The general idea - when doing calculations on a column you need to wrap it in `col()`. When doing simple column selections (like in `.select()`) you can pass the column names as strings.

A full list of functions can be found [here](https://tidypolars.readthedocs.io/en/latest/reference.html).

### Group by syntax

Methods operate by group by calling the `by` arg.

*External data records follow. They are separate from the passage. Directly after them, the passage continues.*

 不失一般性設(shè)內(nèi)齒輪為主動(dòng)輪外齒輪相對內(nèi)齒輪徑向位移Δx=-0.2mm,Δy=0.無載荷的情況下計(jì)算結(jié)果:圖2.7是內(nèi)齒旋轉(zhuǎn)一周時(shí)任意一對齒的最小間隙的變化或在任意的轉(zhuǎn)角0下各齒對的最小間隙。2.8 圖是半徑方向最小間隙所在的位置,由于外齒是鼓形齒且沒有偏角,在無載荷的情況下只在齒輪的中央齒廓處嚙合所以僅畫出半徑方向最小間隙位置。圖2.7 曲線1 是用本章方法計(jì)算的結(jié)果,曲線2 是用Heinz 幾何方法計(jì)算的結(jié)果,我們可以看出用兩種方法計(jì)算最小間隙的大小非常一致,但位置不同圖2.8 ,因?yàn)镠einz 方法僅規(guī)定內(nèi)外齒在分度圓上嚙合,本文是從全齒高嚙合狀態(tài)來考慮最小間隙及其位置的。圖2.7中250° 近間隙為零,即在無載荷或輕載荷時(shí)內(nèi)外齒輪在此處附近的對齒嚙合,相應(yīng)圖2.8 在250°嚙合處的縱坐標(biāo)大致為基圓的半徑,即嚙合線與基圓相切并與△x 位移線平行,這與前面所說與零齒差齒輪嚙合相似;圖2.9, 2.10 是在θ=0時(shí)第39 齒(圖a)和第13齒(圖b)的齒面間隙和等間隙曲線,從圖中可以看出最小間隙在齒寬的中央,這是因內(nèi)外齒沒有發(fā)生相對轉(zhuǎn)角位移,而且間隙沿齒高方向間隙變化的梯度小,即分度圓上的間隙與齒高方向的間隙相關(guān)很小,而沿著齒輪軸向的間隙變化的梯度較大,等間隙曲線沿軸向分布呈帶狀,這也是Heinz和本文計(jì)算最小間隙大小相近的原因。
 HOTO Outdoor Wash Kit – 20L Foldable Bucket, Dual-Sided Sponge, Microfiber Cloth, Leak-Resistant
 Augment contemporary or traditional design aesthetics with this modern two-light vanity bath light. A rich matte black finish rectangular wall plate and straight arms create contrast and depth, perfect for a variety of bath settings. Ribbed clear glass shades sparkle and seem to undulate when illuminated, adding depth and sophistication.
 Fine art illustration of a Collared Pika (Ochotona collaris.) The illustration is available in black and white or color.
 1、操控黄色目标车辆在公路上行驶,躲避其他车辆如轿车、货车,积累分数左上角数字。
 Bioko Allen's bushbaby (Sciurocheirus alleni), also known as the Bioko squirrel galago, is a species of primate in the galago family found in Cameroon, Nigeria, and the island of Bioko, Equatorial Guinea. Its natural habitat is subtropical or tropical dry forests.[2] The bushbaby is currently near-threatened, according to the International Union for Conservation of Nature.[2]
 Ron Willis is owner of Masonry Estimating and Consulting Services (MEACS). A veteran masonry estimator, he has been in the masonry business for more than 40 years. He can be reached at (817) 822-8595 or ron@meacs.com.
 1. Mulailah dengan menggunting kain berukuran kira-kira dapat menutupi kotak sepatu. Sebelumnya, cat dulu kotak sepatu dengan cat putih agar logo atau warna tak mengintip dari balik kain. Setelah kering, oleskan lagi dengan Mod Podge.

* A single column can be passed with `_by = 'z'`
* Multiple columns can be passed with `_by = ['y', 'z']`

```python
(
df
.summarize(avg_x = tp.mean(col('x')),
_by = 'z')
)
```

```
┌─────┬───────┐
│ z ┆ avg_x │
│ --- ┆ --- │
│ str ┆ f64 │
╞═════╪═══════╡
│ a ┆ 0.5 │
├╌╌╌╌╌┼╌╌╌╌╌╌╌┤
│ b ┆ 2 │
└─────┴───────┘
```

### Selecting/dropping columns

tidyselect functions can be mixed with normal selection when selecting columns:

```python
df = tp.tibble(x1 = range(3), x2 = range(3), y = range(3), z = range(3))

df.select(tp.starts_with('x'), 'z')
```

```
┌─────┬─────┬─────┐
│ x1 ┆ x2 ┆ z │
│ --- ┆ --- ┆ --- │
│ i64 ┆ i64 ┆ i64 │
╞═════╪═════╪═════╡
│ 0 ┆ 0 ┆ 0 │
├╌╌╌╌╌┼╌╌╌╌╌┼╌╌╌╌╌┤
│ 1 ┆ 1 ┆ 1 │
├╌╌╌╌╌┼╌╌╌╌╌┼╌╌╌╌╌┤
│ 2 ┆ 2 ┆ 2 │
└─────┴─────┴─────┘
```

To drop columns use the `.drop()` method:

```python
df.drop(tp.starts_with('x'), 'z')
```

```
┌─────┐
│ y │
│ --- │
│ i64 │
╞═════╡
│ 0 │
├╌╌╌╌╌┤
│ 1 │
├╌╌╌╌╌┤
│ 2 │
└─────┘
```

### Converting to/from pandas data frames

If you need to use a package that requires pandas data frames, you can convert from a tidypolars `tibble` to
a pandas `DataFrame`.

To do this you'll first need to install pyarrow:

```bash
pip install pyarrow
```

To convert to a pandas `DataFrame`:

```python
df = df.as_pandas()
```

To convert from a pandas `DataFrame` to a tidypolars `tibble`:

```python
df = tp.as_tibble(df)
```

## Contributing

Interested in contributing? Check out the contributing guidelines. Please note that this project is released with a Code of Conduct. By contributing to this project, you agree to abide by its terms.